Prenez deux chercheuses, un chercheur et une illustratrice. Ajoutez des années de recherche en physico-chimie et un réacteur nucléaire. Laissez reposer durant le premier confinement et vous obtiendrez Voyage en canaux. Cette bande dessinée de douze pages, en accès libre sur internet, plonge les passionnés de science dans un voyage pour le moins particulier. « Je travaille depuis 2002 sur le monde de l’infiniment petit. C’est un sujet de recherche passionnant car quand la matière se trouve enfermée à l’échelle nanométrique, elle a des comportements très différents ! » raconte Denis Morineau, physico-chimiste CNRS à l'Institut de physique de Rennes et co-auteur de la bande dessinée. Par exemple, dans le nanomonde confiné, la glace ne fond pas à 0 °C mais à – 30 °C. « Les liquides aussi se comportent différemment quand on les enferme dans de tout petits canaux. De nombreuses questions se posent alors : comment ce liquide va-t-il
s’écouler ? Quelles sont ses interactions avec les parois ? Est-ce que deux liquides mélangés ensemble pourraient être séparés dans ces conditions
particulières ? » Des questions aux réponses complexes, que Voyage en canaux vulgarise avec finesse.
Plongée dans le nanomonde
Pour expliquer avec simplicité des concepts parfois abstraits, les auteurs ont fait appel à l’illustratrice Aurélie Bordenave. Covid oblige, c’est par sessions de visioconférences en avril 2020 qu’elle a découvert les recherches de Denis Morineau, Isabelle Mirebeau et Christiane Alba-Simionesco1. « C’est un sujet très pointu. On a pris notre temps pour trouver des métaphores pour que je comprenne les phénomènes physiques en jeu, et qu’ensuite le lecteur se les approprie à travers mes dessins. » Le coup de crayon d’Aurélie Bordenave a ainsi donné naissance à un chat appelé… Souris ! Cet être malicieux apporte humour et légèreté à la BD. Le félin, qui navigue aux côtés d’une chimiste et d’un physicien au fil des cases, est capable de plonger dans le nanomonde grâce à l’illustration. « Nous souhaitions pouvoir emmener le lecteur dans l’infiniment petit, en particulier pour expliquer des concepts comme la loi de Bragg2. » Ce travail de vulgarisation a été permis par le dialogue inédit entre deux expertises, scientifique et artistique.

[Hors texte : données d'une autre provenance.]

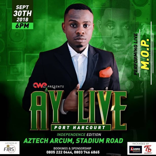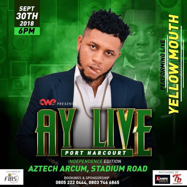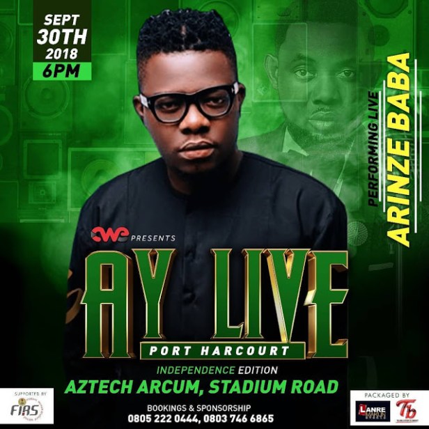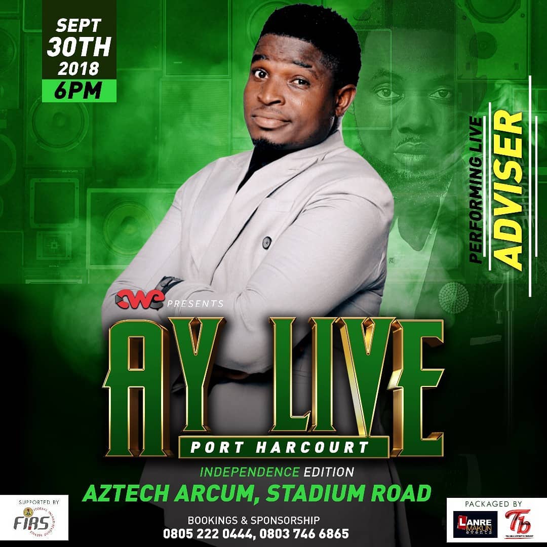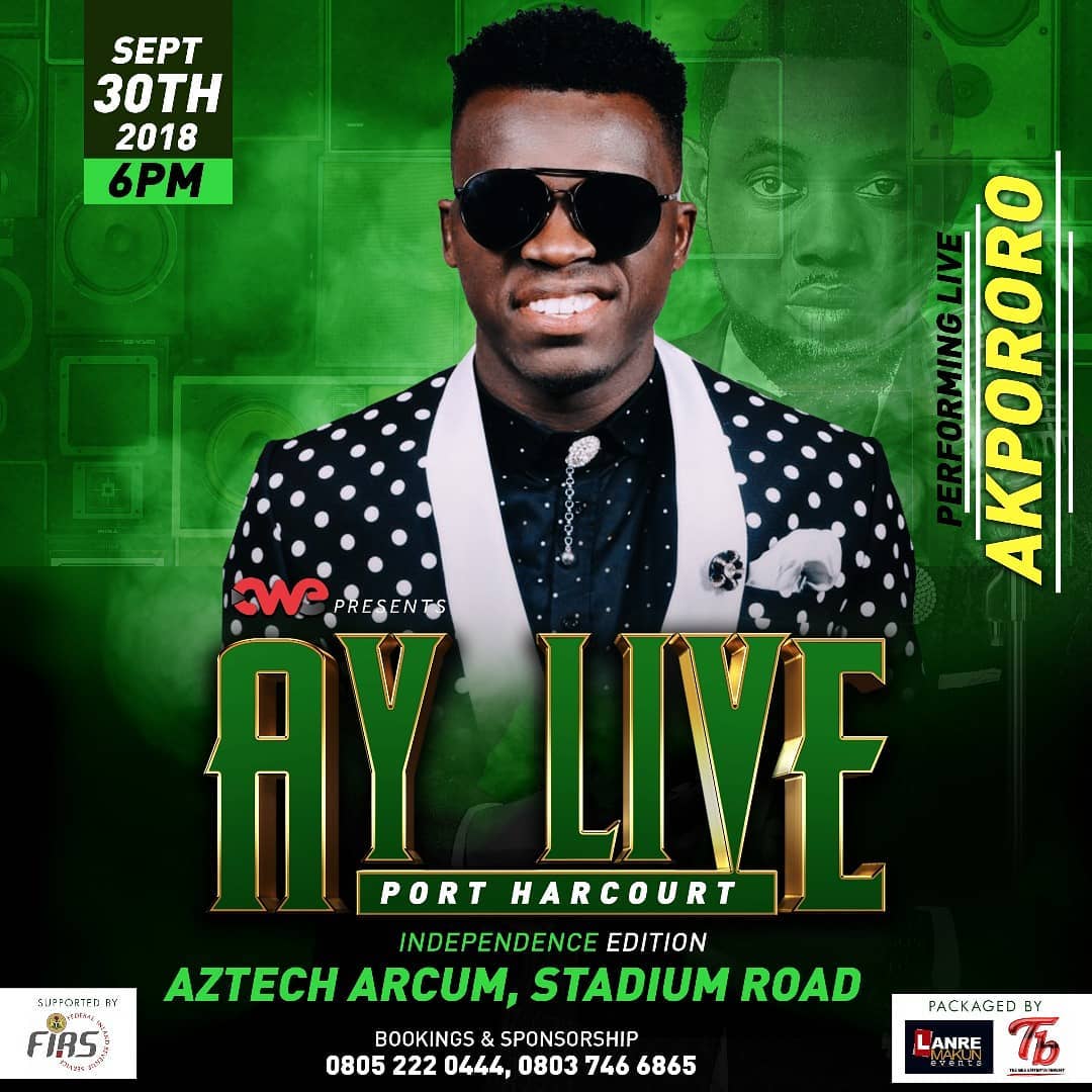 The biggest comedy show in Nigeria is ready to take over the Garden once again with it’s usual Independence edition of AY Live on September 30. The night will be featuring leading A-list comedians like I GO DIE, GORDONS, AKPORORO, ACAPELLA, ARINZE BABA, KELVIN SAPP, KO BABA, ADVISER, YELLOWMOUTH AND A HOST OF OTHER MIND BLOWING COMEDIANS

Le côté humain de la recherche
Outre le partage de leurs travaux, Voyage en canaux a été l’occasion pour les chercheurs d’envoyer un signal fort : « Cette expérience permet surtout de montrer le déroulement de la démarche scientifique, en passant de l’hypothèse à l’observation, avant d’aboutir aux résultats. La rigueur y est essentielle », rappelle Denis Morineau. L’occasion aussi de représenter le côté humain de la recherche. « C’est un monde qui peut parfois sembler fermé, alors qu’il est rempli de profils très variés. Les femmes y ont toute leur place, et c’était important pour nous de le rappeler, même subtilement. » Le chercheur espère ainsi inspirer ses collègues à se lancer dans l’aventure de la vulgarisation et pourquoi pas éveiller des vocations.